METHODS: In a randomized controlled, double-blind trial, estrogen-deficient breast cancer survivors with severe penetrative dyspareunia applied either saline or 4% aqueous lidocaine to the vulvar vestibule for 3 minutes before vaginal penetration. After a 1-month blinded trial using diary documentation of twice-weekly tampon insertion or intercourse, all patients received lidocaine in an open-label trial for 2 months. The primary outcome was penetration pain (0-10 numeric rating scale). Secondary outcomes were sexual distress (Female Sexual Distress Scale, abnormal greater than 11) and resumption of intercourse. Comparisons were made with the Wilcoxon rank sum and Wilcoxon signed rank test, with significance set at P<.05.
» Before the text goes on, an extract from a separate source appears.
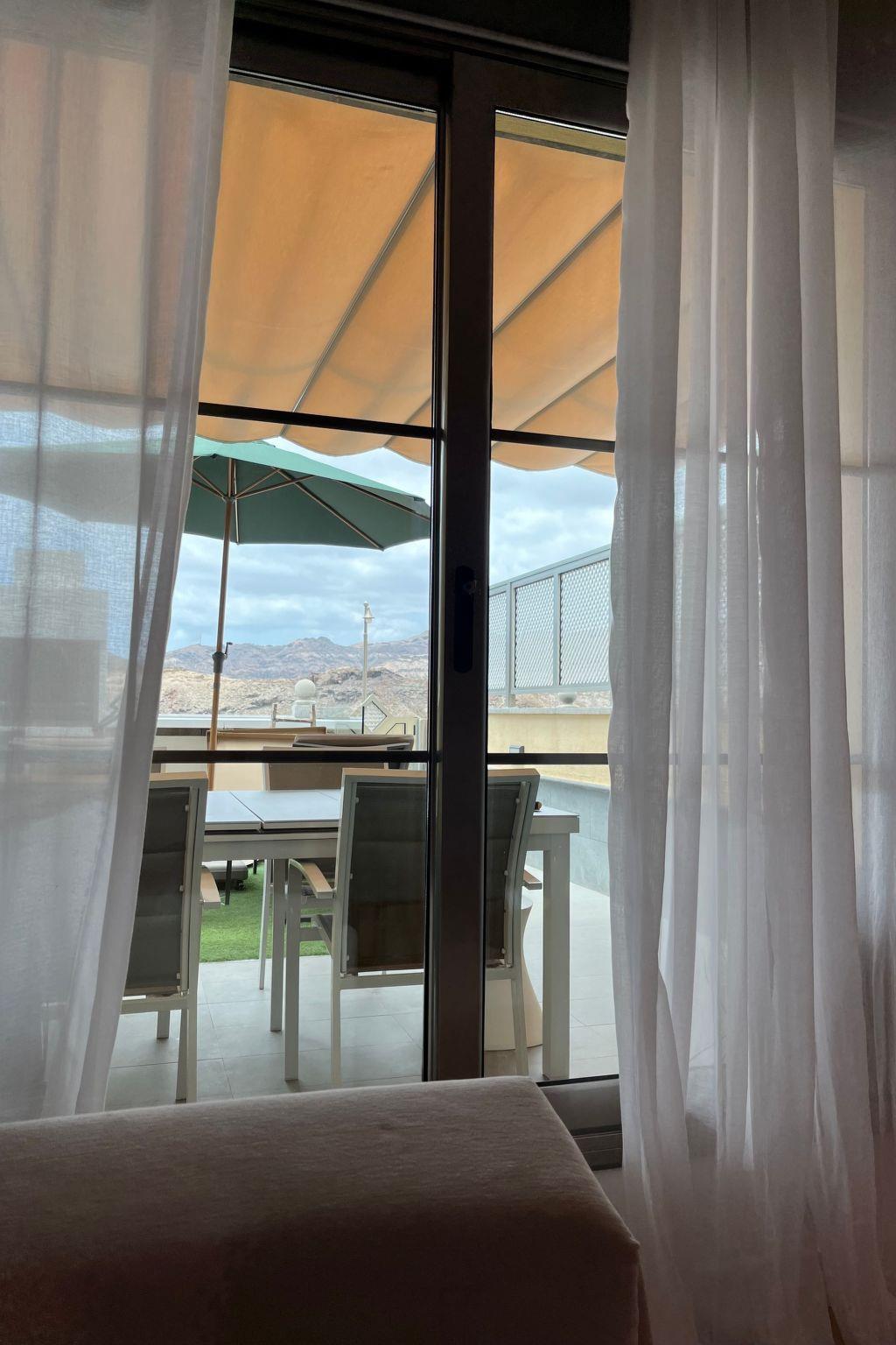 There is a terrace with dining table, 2 sun loungers and a parasol. There is also an extra parasol to take to the beach. The terrace is enclosed and has lots of privacy. There is a large communal pool with jacuzzi located right by the accommodation with outdoor shower. There is a parking space downstairs in the garage in the complex.

RESULTS: Forty-six patients, screened to exclude pelvic muscle and organ pain, uniformly had severe vulvovaginal atrophy, dyspareunia (median pain 8/10, interquartile range 7-9), and elevated sexual distress scores (median 30.5, interquartile 23-37). Users of lidocaine had less intercourse pain in the blinded phase (median score 1.0 compared with saline 5.3, P=.015). After open-label lidocaine use, 37 of 41 (90%) reported comfortable penetration. Sexual distress had decreased (median 14, interquartile range 3-20, P<.001). Of 20 abstainers who completed the study, 17 (85%) had resumed penetrative intimacy. No partners complained of numbness.

CONCLUSION: Breast cancer survivors with severe menopausal dyspareunia associated with atrophy can have comfortable intercourse after applying topical liquid lidocaine to the vulvar vestibule before penetration.